What is expected: Return each line exactly, beginning with the one that has "という訳で、栗拾いに行ってき" and finishing with the final line of the material. Drop any pictures.

Stored data:
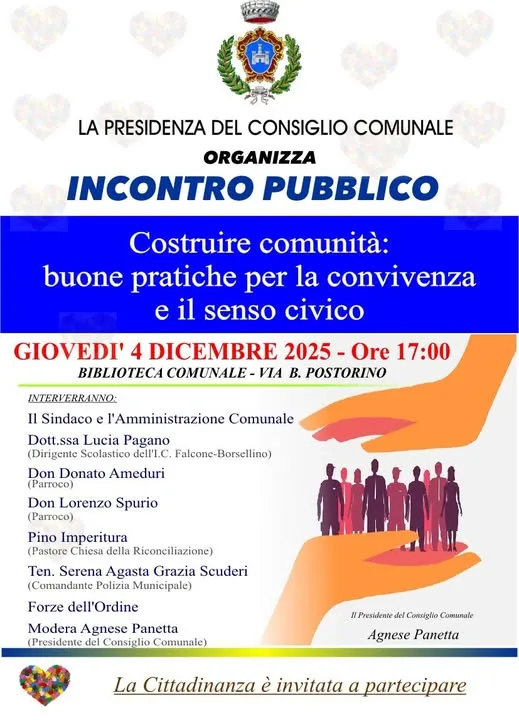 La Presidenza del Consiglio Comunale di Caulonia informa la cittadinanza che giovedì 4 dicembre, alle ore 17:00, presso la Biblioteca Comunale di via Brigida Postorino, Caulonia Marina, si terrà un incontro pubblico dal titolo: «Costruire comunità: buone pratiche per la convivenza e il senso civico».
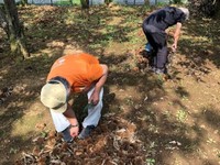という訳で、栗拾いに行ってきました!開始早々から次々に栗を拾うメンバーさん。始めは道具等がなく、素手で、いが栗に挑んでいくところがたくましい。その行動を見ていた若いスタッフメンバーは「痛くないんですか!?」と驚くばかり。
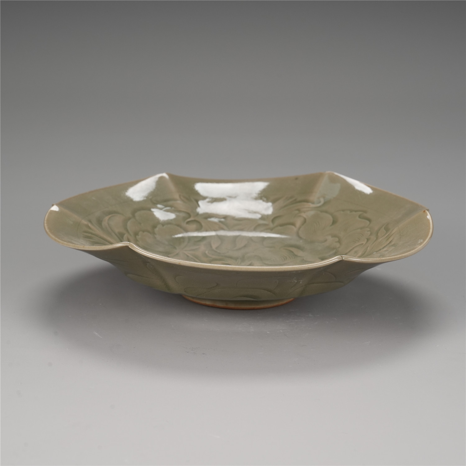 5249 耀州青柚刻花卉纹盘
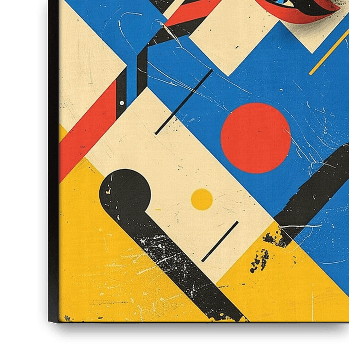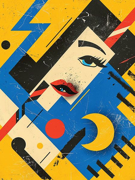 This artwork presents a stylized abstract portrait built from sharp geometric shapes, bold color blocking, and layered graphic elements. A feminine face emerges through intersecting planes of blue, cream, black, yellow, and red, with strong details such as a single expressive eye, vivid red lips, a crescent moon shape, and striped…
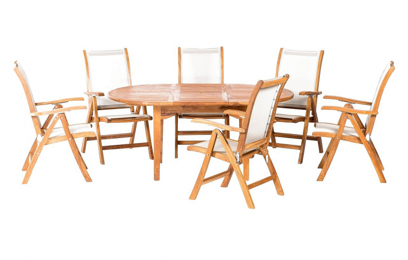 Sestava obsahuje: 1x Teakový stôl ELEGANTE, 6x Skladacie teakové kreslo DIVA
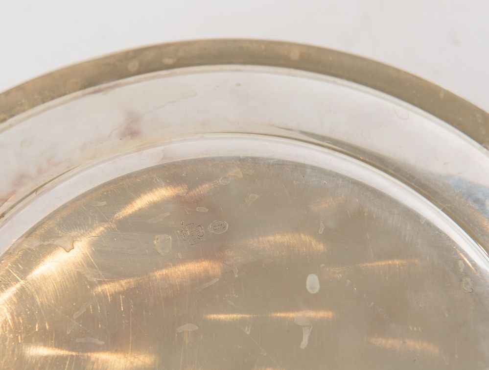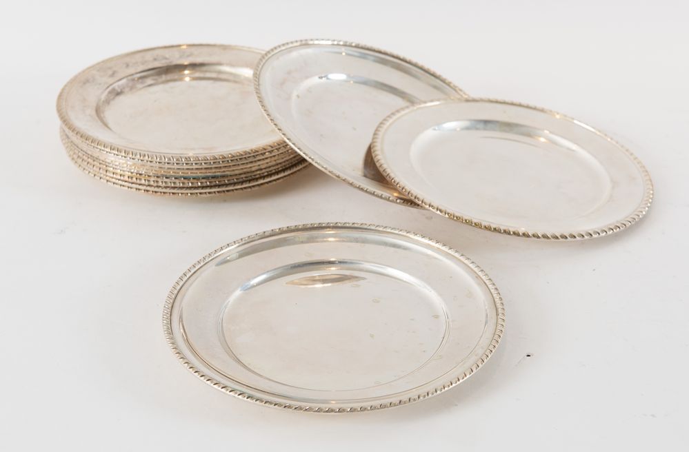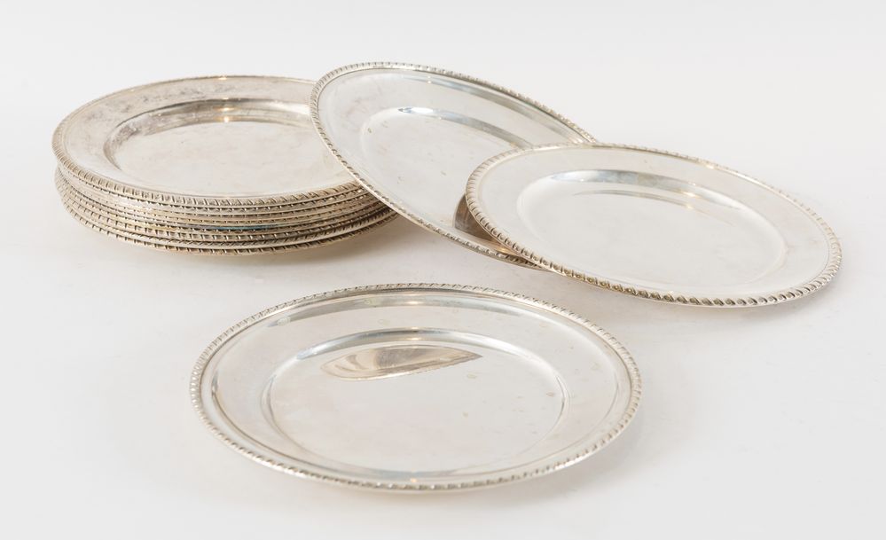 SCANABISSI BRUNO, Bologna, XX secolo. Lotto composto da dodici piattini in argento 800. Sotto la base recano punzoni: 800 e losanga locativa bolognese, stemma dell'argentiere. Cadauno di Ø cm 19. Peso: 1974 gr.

Finished exercise:
という訳で、栗拾いに行ってきました!開始早々から次々に栗を拾うメンバーさん。始めは道具等がなく、素手で、いが栗に挑んでいくところがたくましい。その行動を見ていた若いスタッフメンバーは「痛くないんですか!?」と驚くばかり。
 5249 耀州青柚刻花卉纹盘
 This artwork presents a stylized abstract portrait built from sharp geometric shapes, bold color blocking, and layered graphic elements. A feminine face emerges through intersecting planes of blue, cream, black, yellow, and red, with strong details such as a single expressive eye, vivid red lips, a crescent moon shape, and striped…
 Sestava obsahuje: 1x Teakový stôl ELEGANTE, 6x Skladacie teakové kreslo DIVA
 SCANABISSI BRUNO, Bologna, XX secolo. Lotto composto da dodici piattini in argento 800. Sotto la base recano punzoni: 800 e losanga locativa bolognese, stemma dell'argentiere. Cadauno di Ø cm 19. Peso: 1974 gr.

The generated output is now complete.